Dataset excerpts:
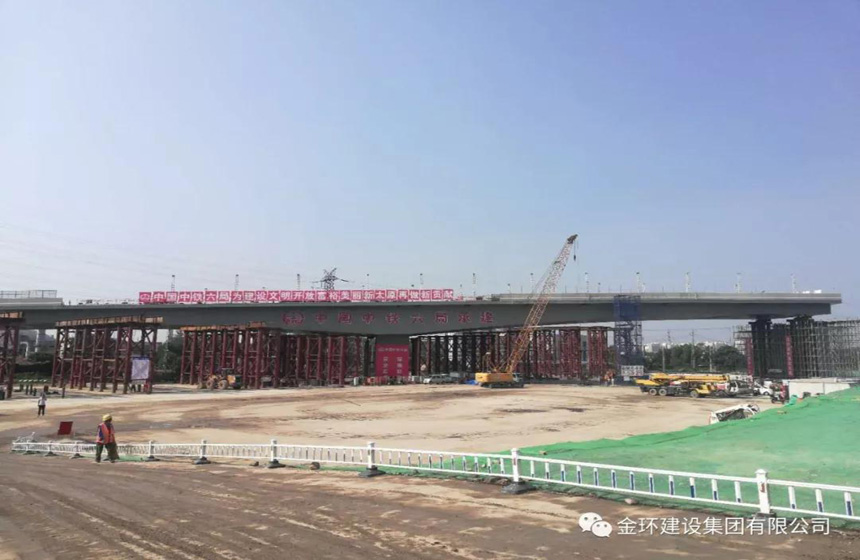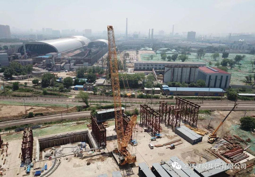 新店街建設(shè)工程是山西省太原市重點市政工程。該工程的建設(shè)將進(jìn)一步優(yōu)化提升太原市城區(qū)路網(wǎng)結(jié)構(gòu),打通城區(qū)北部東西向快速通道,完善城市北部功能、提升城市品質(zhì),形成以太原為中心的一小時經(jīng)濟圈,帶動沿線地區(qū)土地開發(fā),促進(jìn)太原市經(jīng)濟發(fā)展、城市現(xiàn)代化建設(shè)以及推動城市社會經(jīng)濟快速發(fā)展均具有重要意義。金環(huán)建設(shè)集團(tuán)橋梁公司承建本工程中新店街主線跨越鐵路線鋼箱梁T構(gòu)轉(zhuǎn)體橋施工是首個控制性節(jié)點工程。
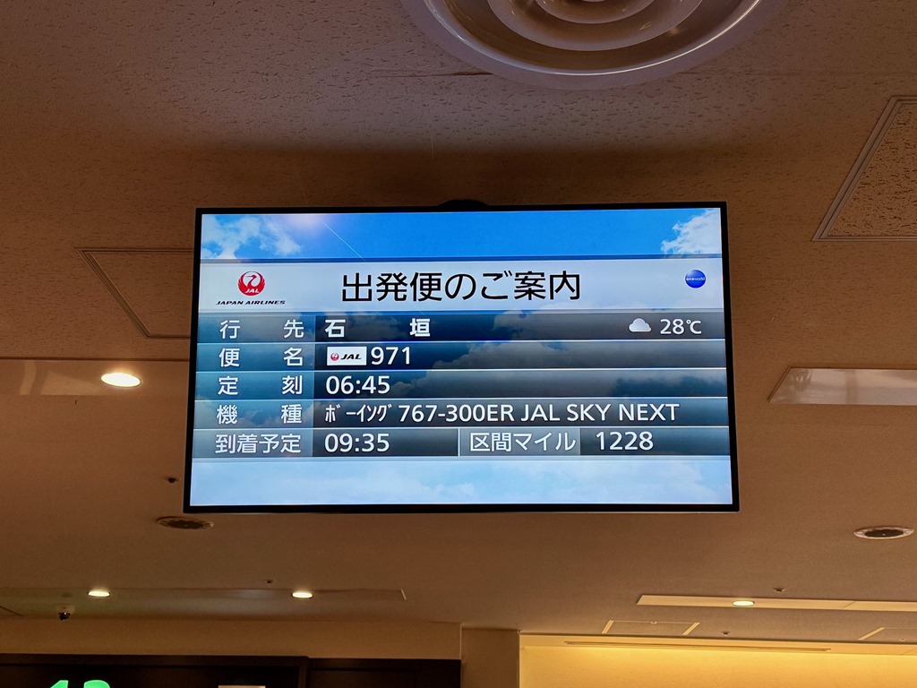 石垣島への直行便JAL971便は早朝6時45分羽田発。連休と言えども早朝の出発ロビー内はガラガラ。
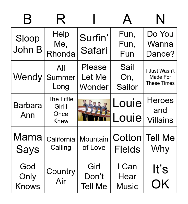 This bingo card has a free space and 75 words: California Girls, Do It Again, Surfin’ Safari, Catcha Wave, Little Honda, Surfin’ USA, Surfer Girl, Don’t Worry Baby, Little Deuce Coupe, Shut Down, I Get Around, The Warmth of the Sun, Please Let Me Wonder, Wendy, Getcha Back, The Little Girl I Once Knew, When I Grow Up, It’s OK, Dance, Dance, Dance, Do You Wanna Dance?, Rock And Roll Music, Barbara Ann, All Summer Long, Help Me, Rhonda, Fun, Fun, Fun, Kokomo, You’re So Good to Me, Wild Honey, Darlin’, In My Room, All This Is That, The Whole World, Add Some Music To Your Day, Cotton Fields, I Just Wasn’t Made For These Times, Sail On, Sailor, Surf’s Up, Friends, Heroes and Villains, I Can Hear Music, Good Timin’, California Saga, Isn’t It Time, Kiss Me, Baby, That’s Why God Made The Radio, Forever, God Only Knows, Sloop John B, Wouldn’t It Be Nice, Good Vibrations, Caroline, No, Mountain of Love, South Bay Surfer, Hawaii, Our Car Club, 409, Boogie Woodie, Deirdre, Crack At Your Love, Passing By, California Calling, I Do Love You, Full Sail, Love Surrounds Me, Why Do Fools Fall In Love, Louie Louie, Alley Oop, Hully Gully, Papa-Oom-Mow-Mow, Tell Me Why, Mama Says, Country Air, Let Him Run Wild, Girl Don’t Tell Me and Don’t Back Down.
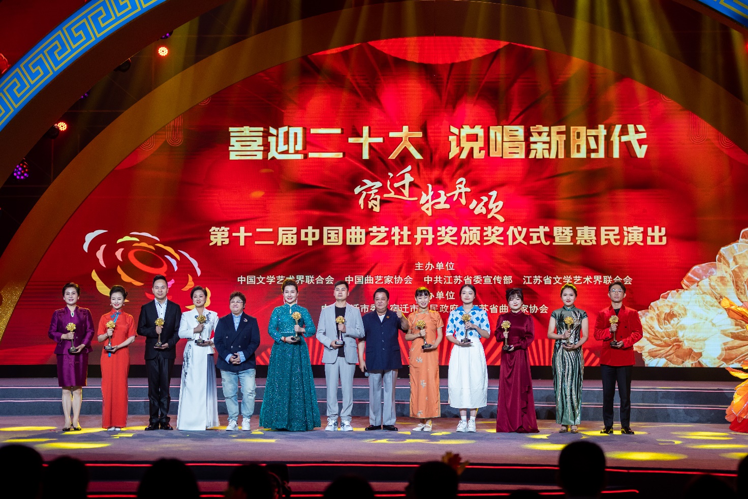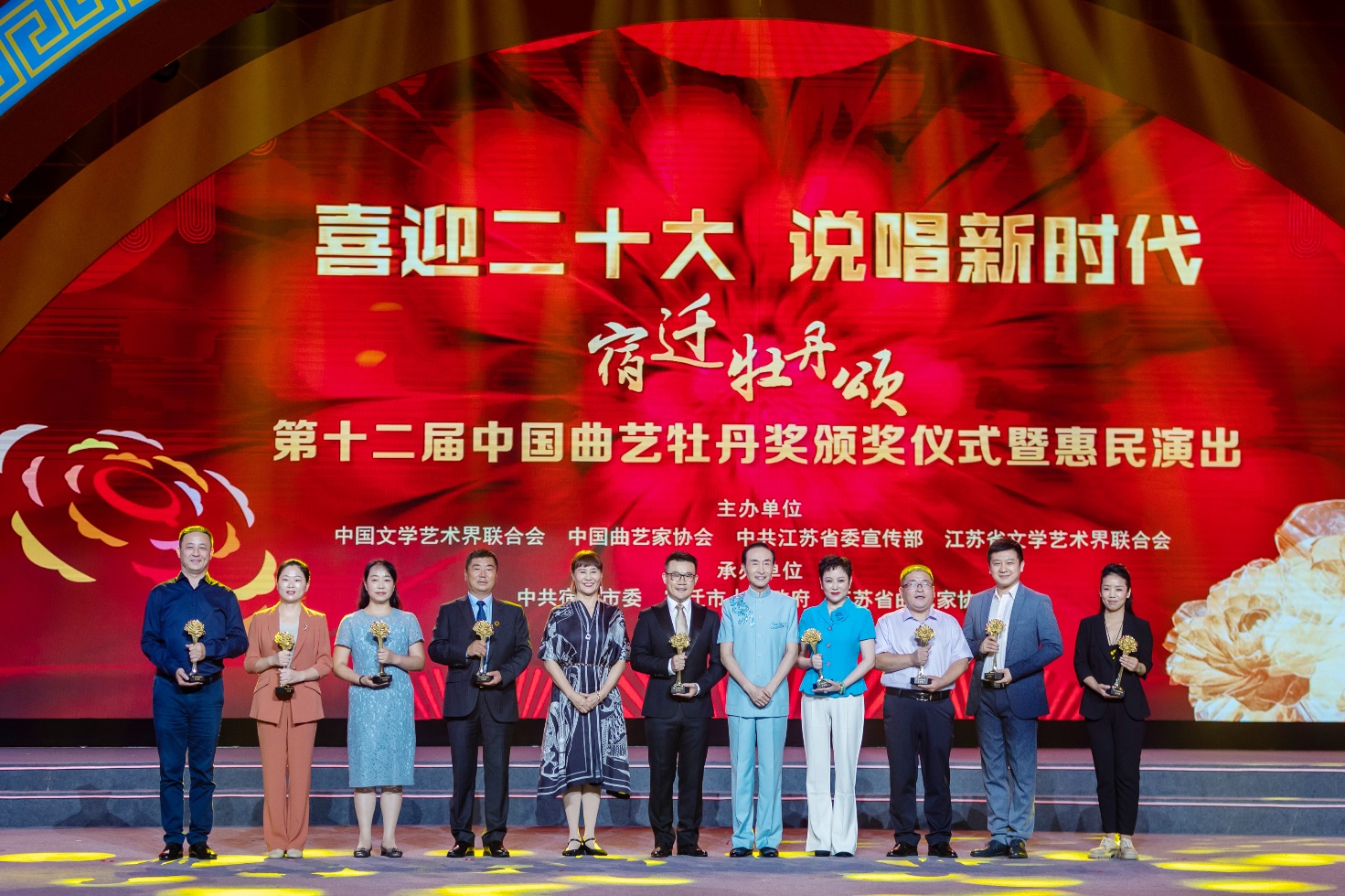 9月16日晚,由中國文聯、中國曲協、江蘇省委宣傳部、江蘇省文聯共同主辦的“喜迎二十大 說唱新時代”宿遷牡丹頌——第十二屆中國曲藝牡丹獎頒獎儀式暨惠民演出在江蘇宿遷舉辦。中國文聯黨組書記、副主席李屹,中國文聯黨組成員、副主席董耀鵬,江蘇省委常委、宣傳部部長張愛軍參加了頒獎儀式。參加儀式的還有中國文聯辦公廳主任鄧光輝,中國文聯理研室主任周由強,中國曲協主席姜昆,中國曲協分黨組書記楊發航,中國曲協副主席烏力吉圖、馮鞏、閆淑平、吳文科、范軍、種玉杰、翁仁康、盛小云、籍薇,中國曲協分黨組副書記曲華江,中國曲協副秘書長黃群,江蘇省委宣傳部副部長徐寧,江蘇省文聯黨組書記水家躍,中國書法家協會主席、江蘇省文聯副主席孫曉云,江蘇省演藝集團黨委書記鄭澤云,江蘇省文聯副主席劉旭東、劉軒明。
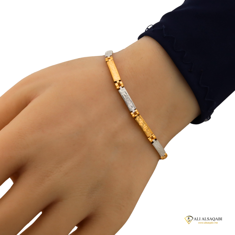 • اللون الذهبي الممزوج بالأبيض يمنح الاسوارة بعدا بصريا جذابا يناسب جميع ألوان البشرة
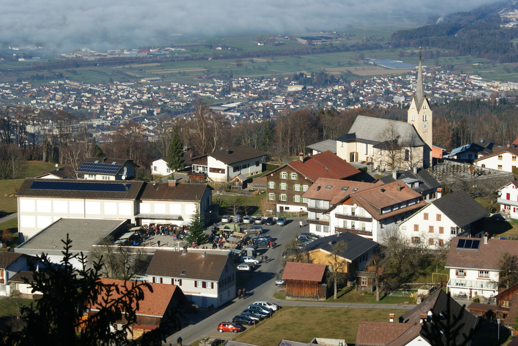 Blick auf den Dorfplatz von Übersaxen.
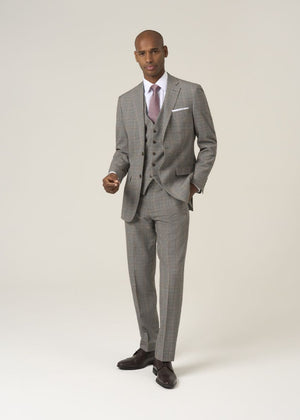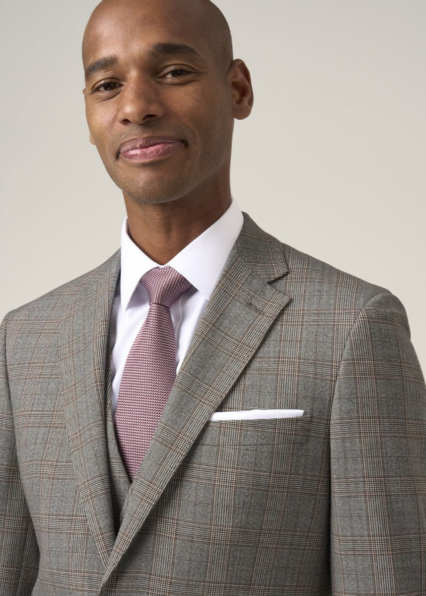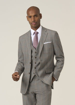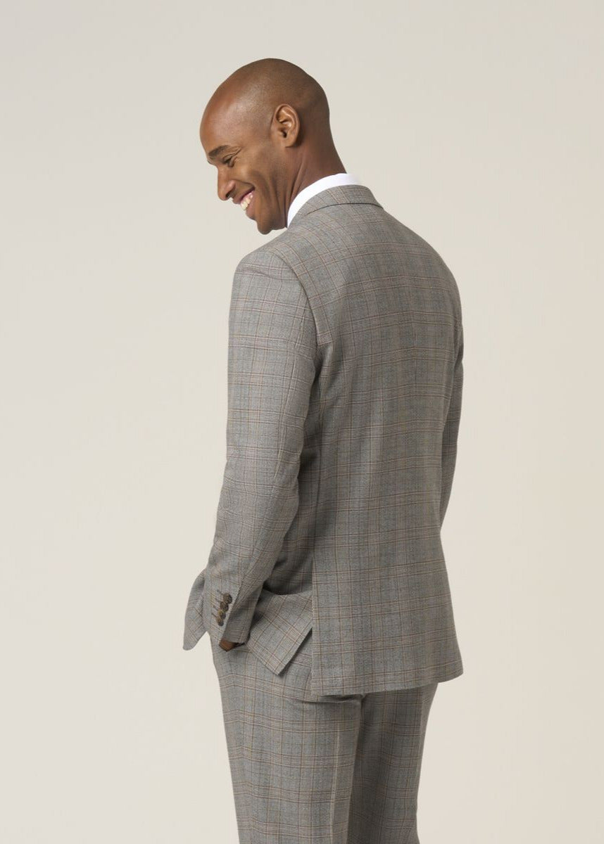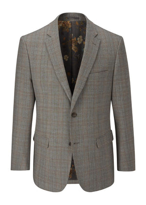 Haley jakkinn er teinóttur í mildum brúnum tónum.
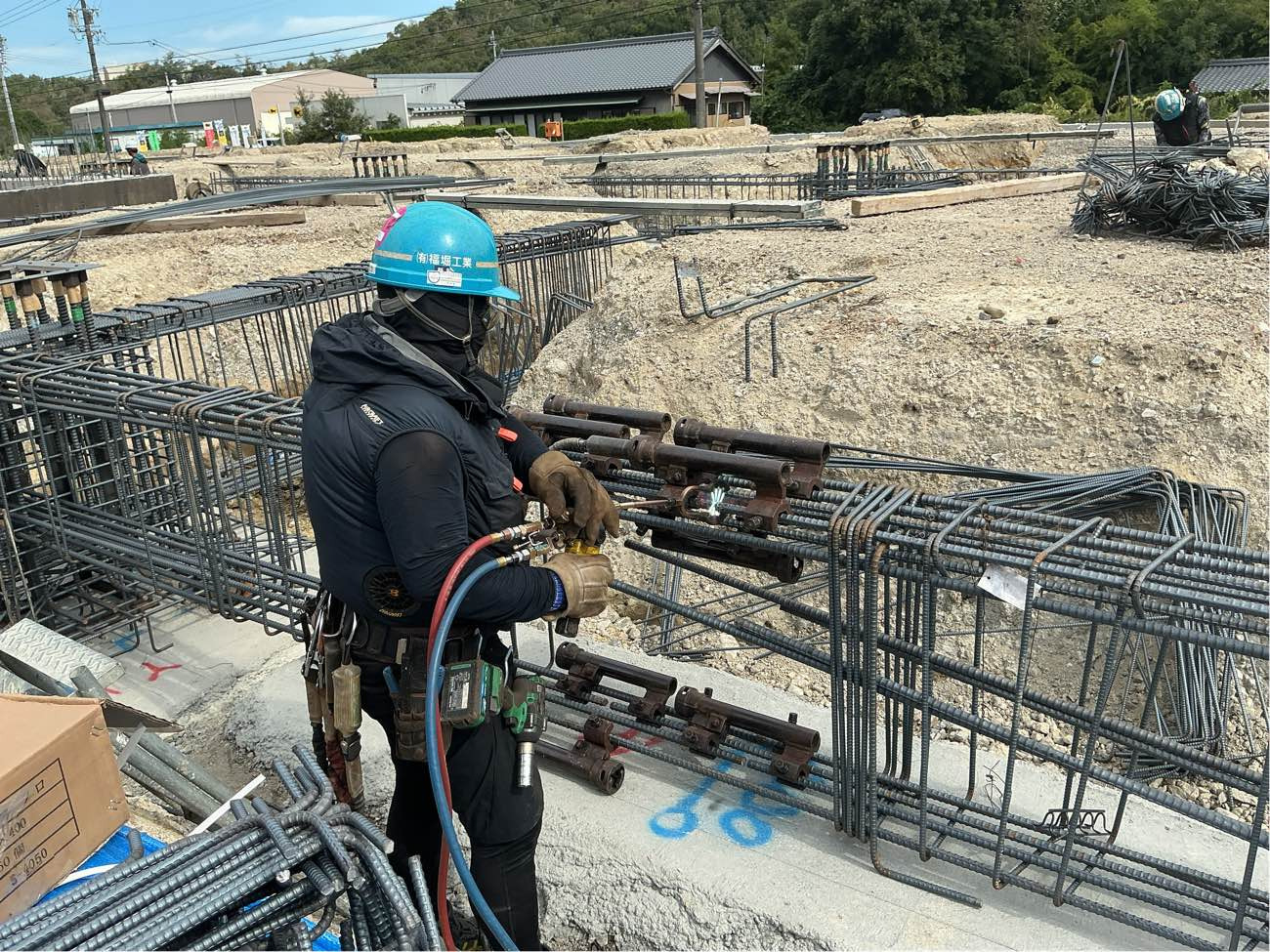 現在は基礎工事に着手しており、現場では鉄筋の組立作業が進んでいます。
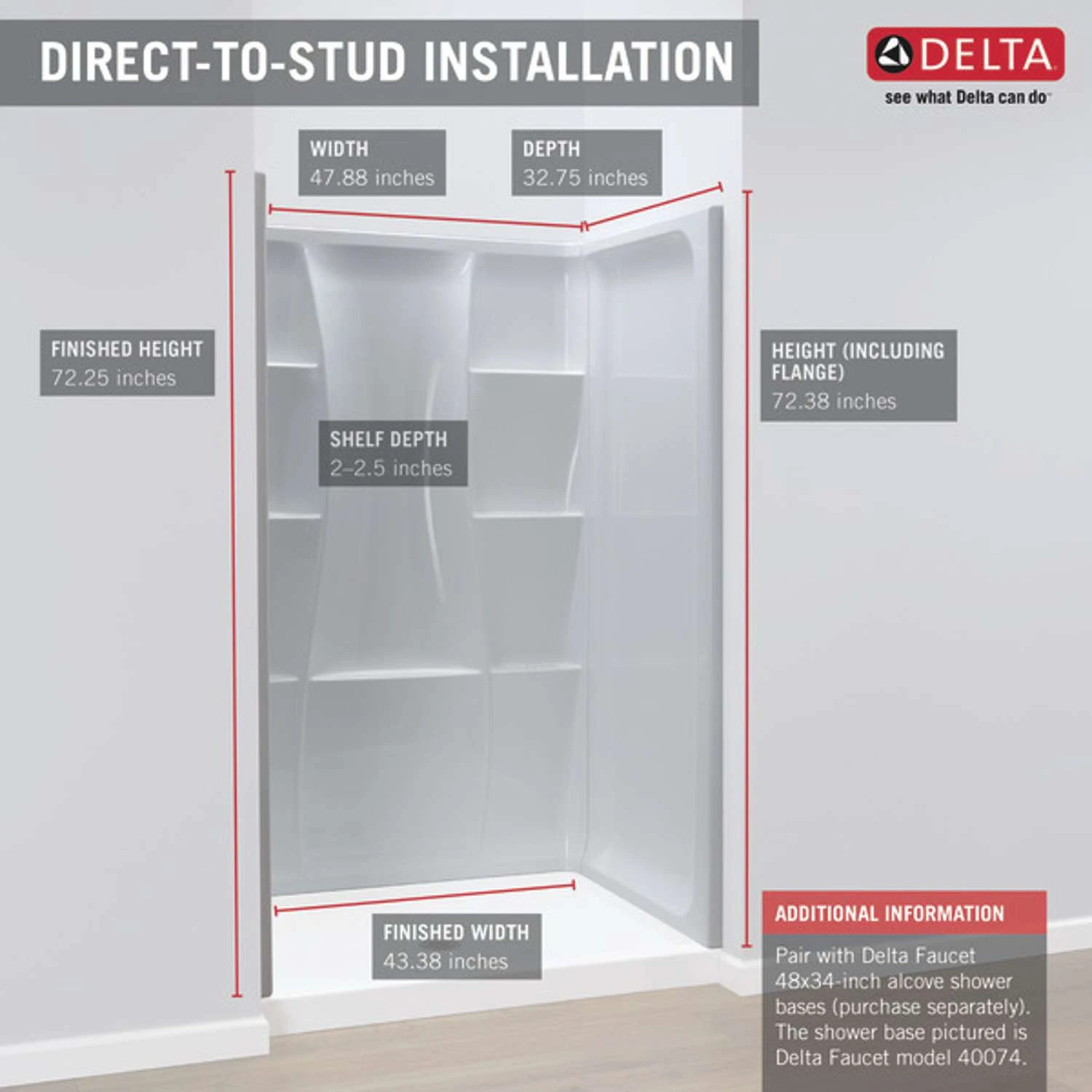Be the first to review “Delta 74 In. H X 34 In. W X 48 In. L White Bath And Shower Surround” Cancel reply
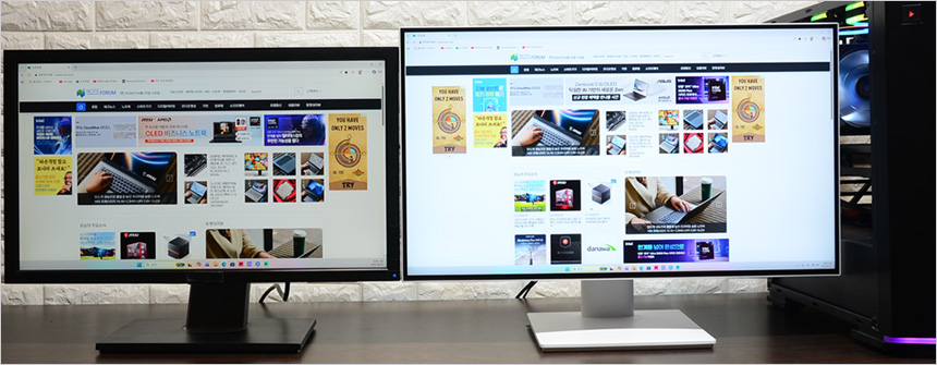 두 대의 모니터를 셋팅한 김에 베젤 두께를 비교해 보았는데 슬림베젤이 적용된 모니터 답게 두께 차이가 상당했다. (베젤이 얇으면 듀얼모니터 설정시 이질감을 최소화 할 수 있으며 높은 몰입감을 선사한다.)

**Your task:**
Pictures excluded, set down all the entries exactly.

**Result of this exercise:**
 新店街建設(shè)工程是山西省太原市重點市政工程。該工程的建設(shè)將進(jìn)一步優(yōu)化提升太原市城區(qū)路網(wǎng)結(jié)構(gòu),打通城區(qū)北部東西向快速通道,完善城市北部功能、提升城市品質(zhì),形成以太原為中心的一小時經(jīng)濟圈,帶動沿線地區(qū)土地開發(fā),促進(jìn)太原市經(jīng)濟發(fā)展、城市現(xiàn)代化建設(shè)以及推動城市社會經(jīng)濟快速發(fā)展均具有重要意義。金環(huán)建設(shè)集團(tuán)橋梁公司承建本工程中新店街主線跨越鐵路線鋼箱梁T構(gòu)轉(zhuǎn)體橋施工是首個控制性節(jié)點工程。
 石垣島への直行便JAL971便は早朝6時45分羽田発。連休と言えども早朝の出発ロビー内はガラガラ。
 This bingo card has a free space and 75 words: California Girls, Do It Again, Surfin’ Safari, Catcha Wave, Little Honda, Surfin’ USA, Surfer Girl, Don’t Worry Baby, Little Deuce Coupe, Shut Down, I Get Around, The Warmth of the Sun, Please Let Me Wonder, Wendy, Getcha Back, The Little Girl I Once Knew, When I Grow Up, It’s OK, Dance, Dance, Dance, Do You Wanna Dance?, Rock And Roll Music, Barbara Ann, All Summer Long, Help Me, Rhonda, Fun, Fun, Fun, Kokomo, You’re So Good to Me, Wild Honey, Darlin’, In My Room, All This Is That, The Whole World, Add Some Music To Your Day, Cotton Fields, I Just Wasn’t Made For These Times, Sail On, Sailor, Surf’s Up, Friends, Heroes and Villains, I Can Hear Music, Good Timin’, California Saga, Isn’t It Time, Kiss Me, Baby, That’s Why God Made The Radio, Forever, God Only Knows, Sloop John B, Wouldn’t It Be Nice, Good Vibrations, Caroline, No, Mountain of Love, South Bay Surfer, Hawaii, Our Car Club, 409, Boogie Woodie, Deirdre, Crack At Your Love, Passing By, California Calling, I Do Love You, Full Sail, Love Surrounds Me, Why Do Fools Fall In Love, Louie Louie, Alley Oop, Hully Gully, Papa-Oom-Mow-Mow, Tell Me Why, Mama Says, Country Air, Let Him Run Wild, Girl Don’t Tell Me and Don’t Back Down.
 9月16日晚,由中國文聯、中國曲協、江蘇省委宣傳部、江蘇省文聯共同主辦的“喜迎二十大 說唱新時代”宿遷牡丹頌——第十二屆中國曲藝牡丹獎頒獎儀式暨惠民演出在江蘇宿遷舉辦。中國文聯黨組書記、副主席李屹,中國文聯黨組成員、副主席董耀鵬,江蘇省委常委、宣傳部部長張愛軍參加了頒獎儀式。參加儀式的還有中國文聯辦公廳主任鄧光輝,中國文聯理研室主任周由強,中國曲協主席姜昆,中國曲協分黨組書記楊發航,中國曲協副主席烏力吉圖、馮鞏、閆淑平、吳文科、范軍、種玉杰、翁仁康、盛小云、籍薇,中國曲協分黨組副書記曲華江,中國曲協副秘書長黃群,江蘇省委宣傳部副部長徐寧,江蘇省文聯黨組書記水家躍,中國書法家協會主席、江蘇省文聯副主席孫曉云,江蘇省演藝集團黨委書記鄭澤云,江蘇省文聯副主席劉旭東、劉軒明。
 • اللون الذهبي الممزوج بالأبيض يمنح الاسوارة بعدا بصريا جذابا يناسب جميع ألوان البشرة
 Blick auf den Dorfplatz von Übersaxen.
 Haley jakkinn er teinóttur í mildum brúnum tónum.
 現在は基礎工事に着手しており、現場では鉄筋の組立作業が進んでいます。
Be the first to review “Delta 74 In. H X 34 In. W X 48 In. L White Bath And Shower Surround” Cancel reply
 두 대의 모니터를 셋팅한 김에 베젤 두께를 비교해 보았는데 슬림베젤이 적용된 모니터 답게 두께 차이가 상당했다. (베젤이 얇으면 듀얼모니터 설정시 이질감을 최소화 할 수 있으며 높은 몰입감을 선사한다.)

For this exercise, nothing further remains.